Woman's case to be dropped after five years

December 25, 2010|By MATTHEW UMSTEAD |

MARTINSBURG, W.Va. — Crystal A. Ward maintained her innocence from the beginning. Yet, only in the last week and nearly six years after the Berkeley County woman was charged with two felony counts of child abuse, has action been taken to adjudicate her case.

“There’s an order sitting before the judge to dismiss (the case),” Jefferson County Prosecuting Attorney Ralph Lorenzetti said in an interview Wednesday.

The charges, unbeknownst to Ward until recently, have been pending in Jefferson County Circuit Court since July 2005.

While Ward’s former boyfriend ultimately went to prison after he pleaded guilty to abusing her then 7-year-old son, she wasn’t indicted, but the case remained open and the charges appear to be pending. After checking with her court-appointed attorney about the status of her case in the months that followed, Ward said she was told she had nothing to worry about, that the charges would just go away.

They didn’t.

Last month, when an area financial services company cited her background investigation report as the reason for not hiring her, Ward thought her credit history was to blame.

“It didn’t even dawn on me that this wasn’t over with,” Ward said.
A second employer subsequently terminated her on Dec. 17 after she was hired contingent upon a background investigation, she said.

The background report indicated the charges were pending, but Ward said the only thing she was ever guilty of in her life was having a headlight out on her car and she said she paid the ticket.

“Now, I’m going to move on with my life,” Ward said tearfully after learning of the developments in her case last week.

“For the first time in a really long time, I’m crying tears of joy,” she said.
Since her arrest warrant was issued by Magistrate William E. Senseney on March 8, 2005, Ward, 35, said she went to parenting classes and counseling sessions as part of a court-ordered regiment to regain custody of her son and his older brother.
“I did everything the courts wanted and then some,” Ward said.

Picking up the pieces


Ward, who worked at AB&C Group in Ranson, W.Va., when she was arrested, said she has since struggled to get a decent paying job.

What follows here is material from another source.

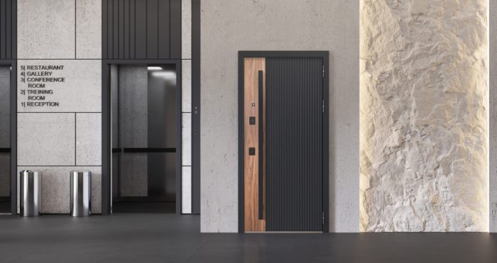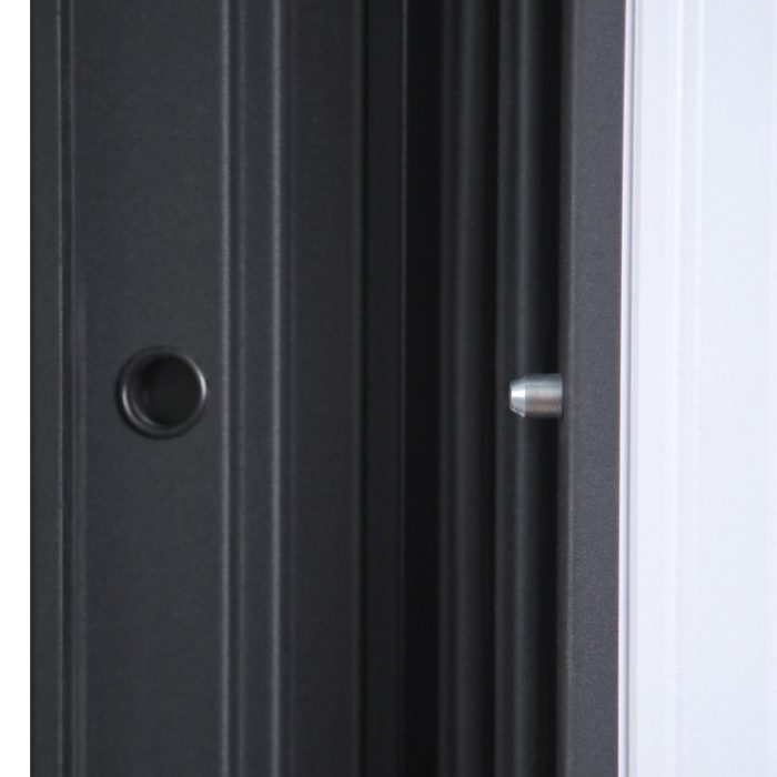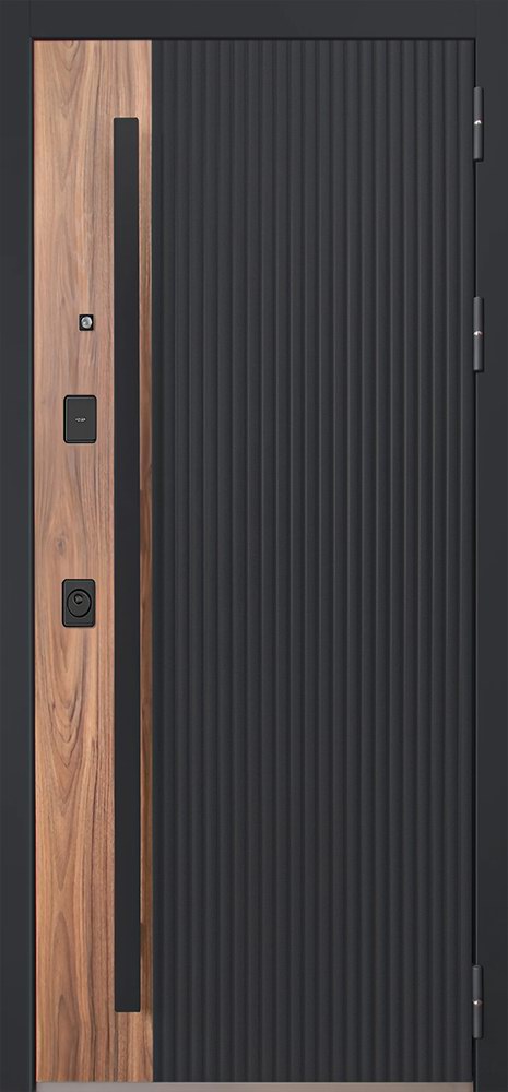 Фурнитура: Снаружи: ручка–скоба Art 50*25 Inox Basic Mechanical (цвет ral 9005). Внутри: ручка RedLine, ночная задвижка, глазок на квадратной розетке (цвет «черный»). Смотрите также: ДВЕРНЫЕ ГАДЖЕТЫ

“When you haven’t been convicted of a crime, I don’t see why that’s got to show up on your background,” Ward said.

Ward also expressed disappointment with the attorneys who have handled her case and wondered why she didn’t have had an opportunity to more quickly clear her name.

Ward’s court-appointed attorney, Aaron Amore, said Thursday that he wasn’t at liberty to discuss her case.

“There’s really nothing a defense attorney can do to force the prosecutor to present the case to a grand jury,” said Amore, adding that the prosecuting attorney has the prerogative to have charges dismissed.

By the numbers

Ward’s pending case has plenty of company.

According to a case record report generated last week by Jefferson County Circuit Clerk Laura Rattenni, there are more than 200 open, “bound over” cases that are older than Ward’s case, dating back to 1997. From 1997 through 2008, there were 397 open bound over cases.

Felony charges, if not dismissed, are typically bound over from magistrate court to circuit court where they are assigned a “B” case number. They remain pending in circuit court until the prosecutor’s office presents the evidence to the grand jury for indictment. If the jury returns an indictment, the case is assigned to a circuit judge and the individual is then prosecuted on the charges.

In Berkeley County, only one case opened in 2005 in circuit court still has not been closed, but none of the remaining open cases are older than 2007, according to a report generated last week by Circuit Clerk Virginia M. Sine. Through 2008, there were 50 open cases in Berkeley County.

Lorenzetti, who took office in 2009, said his office only recently acquired a case management computer system, which he said will help prosecutors better track the status of pending cases.

“The judge went through some of these one time and had us look at them,” Lorenzetti said. “His legal assistant gave me about 100 cases when I first came in and said, ‘why are these sitting around?’ We took care of those.”

The prosecuting attorney said he believes there were specific reasons each case was left open, but also noted state law does not give his office a time limit or statute of limitations to prosecute someone on a felony charge.

“We probably should look at them some more once we get our computer system up,” Lorenzetti said.